EXERCISE DESCRIPTION
Pictures stay out. Everything else in the listing below gets written out exactly.

Start of STORED DATA

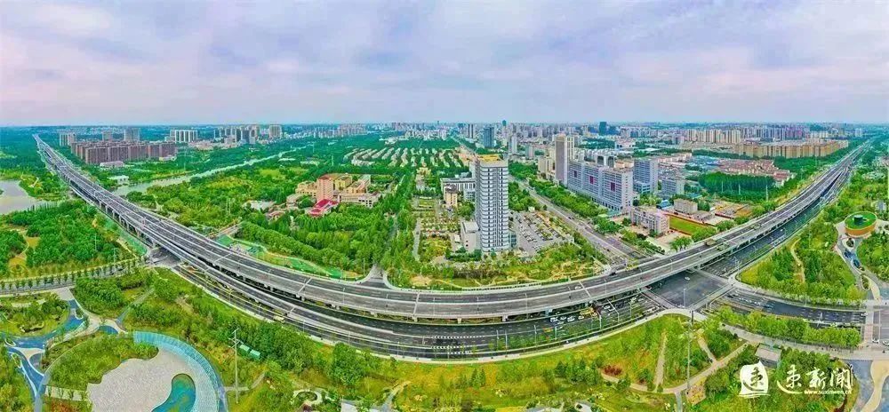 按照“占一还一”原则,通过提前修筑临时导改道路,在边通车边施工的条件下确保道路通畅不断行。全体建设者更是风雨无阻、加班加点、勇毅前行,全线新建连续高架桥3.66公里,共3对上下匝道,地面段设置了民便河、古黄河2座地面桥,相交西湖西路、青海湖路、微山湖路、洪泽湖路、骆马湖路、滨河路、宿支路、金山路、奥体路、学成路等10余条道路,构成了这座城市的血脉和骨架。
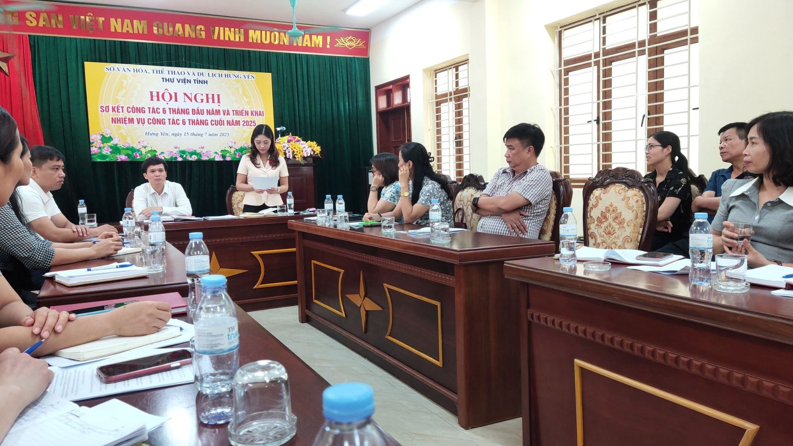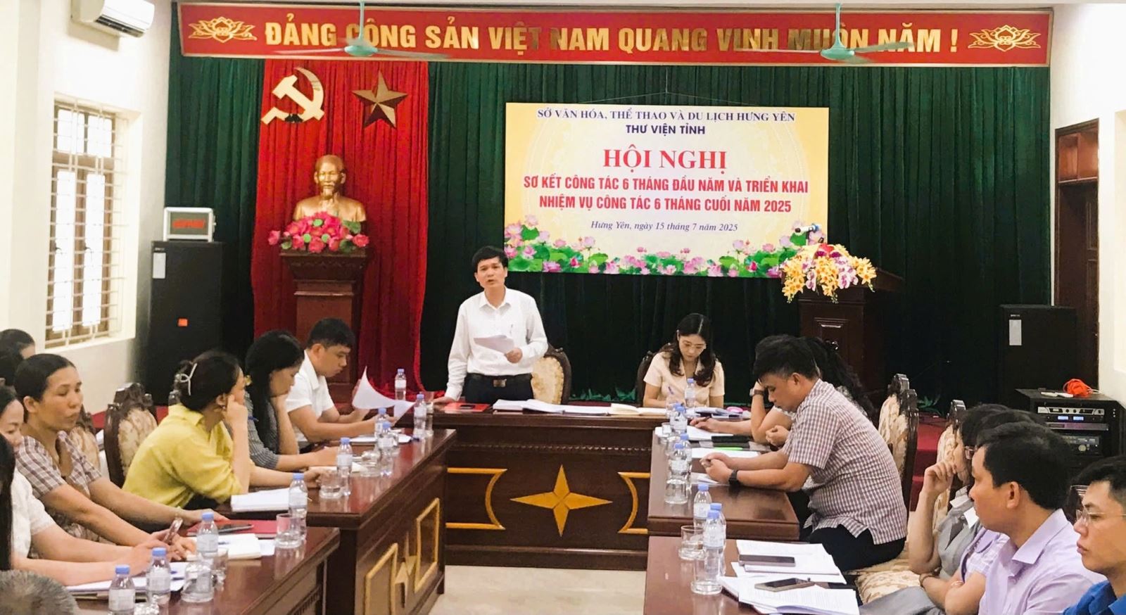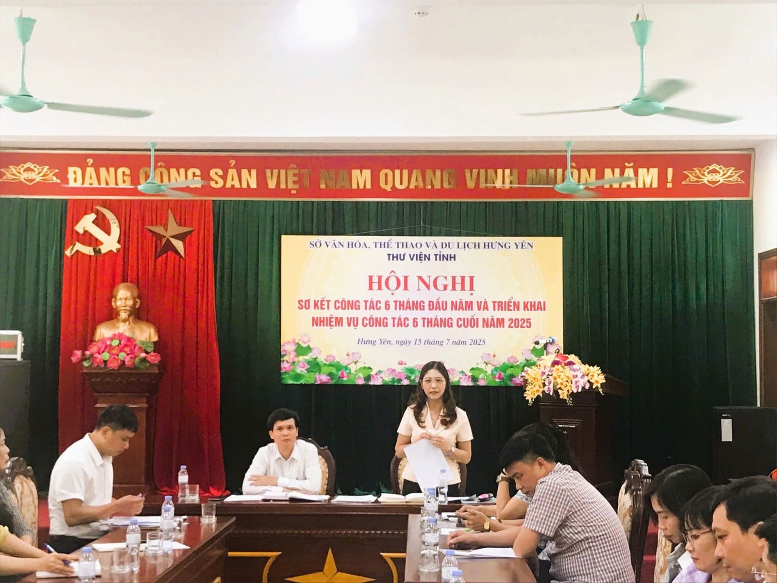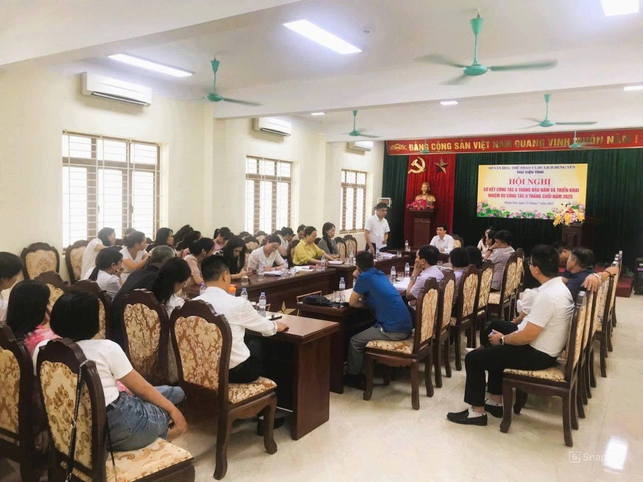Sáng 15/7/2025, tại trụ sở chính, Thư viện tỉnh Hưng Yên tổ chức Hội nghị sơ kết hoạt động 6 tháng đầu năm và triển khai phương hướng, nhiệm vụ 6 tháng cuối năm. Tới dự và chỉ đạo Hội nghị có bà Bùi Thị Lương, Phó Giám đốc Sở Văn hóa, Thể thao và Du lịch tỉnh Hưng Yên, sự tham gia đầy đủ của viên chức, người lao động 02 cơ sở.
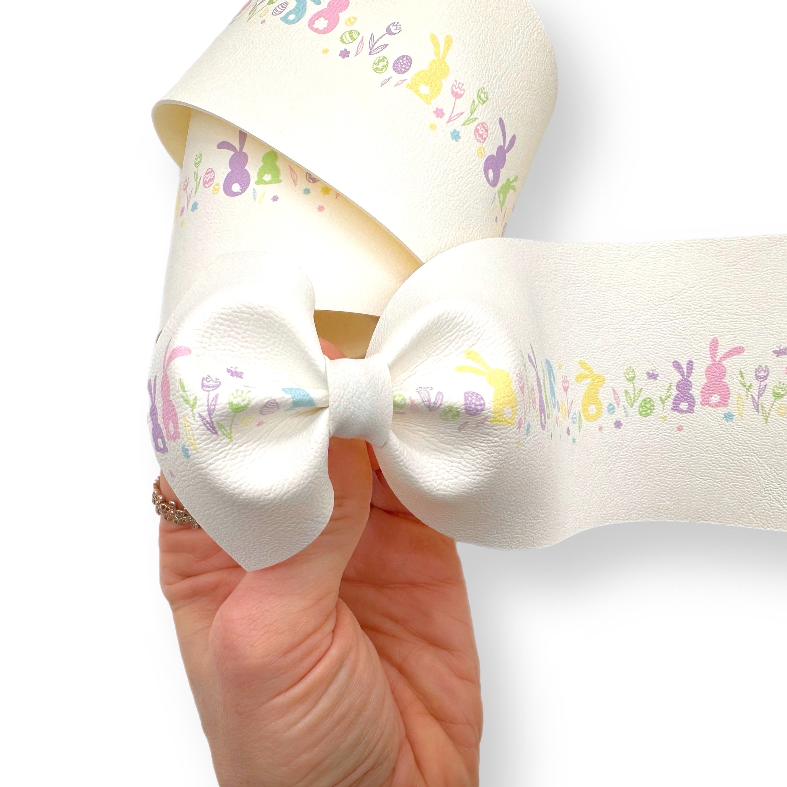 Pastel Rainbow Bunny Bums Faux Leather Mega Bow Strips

End of STORED DATA

SOLUTION TO THE EXERCISE
 按照“占一还一”原则,通过提前修筑临时导改道路,在边通车边施工的条件下确保道路通畅不断行。全体建设者更是风雨无阻、加班加点、勇毅前行,全线新建连续高架桥3.66公里,共3对上下匝道,地面段设置了民便河、古黄河2座地面桥,相交西湖西路、青海湖路、微山湖路、洪泽湖路、骆马湖路、滨河路、宿支路、金山路、奥体路、学成路等10余条道路,构成了这座城市的血脉和骨架。
Sáng 15/7/2025, tại trụ sở chính, Thư viện tỉnh Hưng Yên tổ chức Hội nghị sơ kết hoạt động 6 tháng đầu năm và triển khai phương hướng, nhiệm vụ 6 tháng cuối năm. Tới dự và chỉ đạo Hội nghị có bà Bùi Thị Lương, Phó Giám đốc Sở Văn hóa, Thể thao và Du lịch tỉnh Hưng Yên, sự tham gia đầy đủ của viên chức, người lao động 02 cơ sở.
 Pastel Rainbow Bunny Bums Faux Leather Mega Bow Strips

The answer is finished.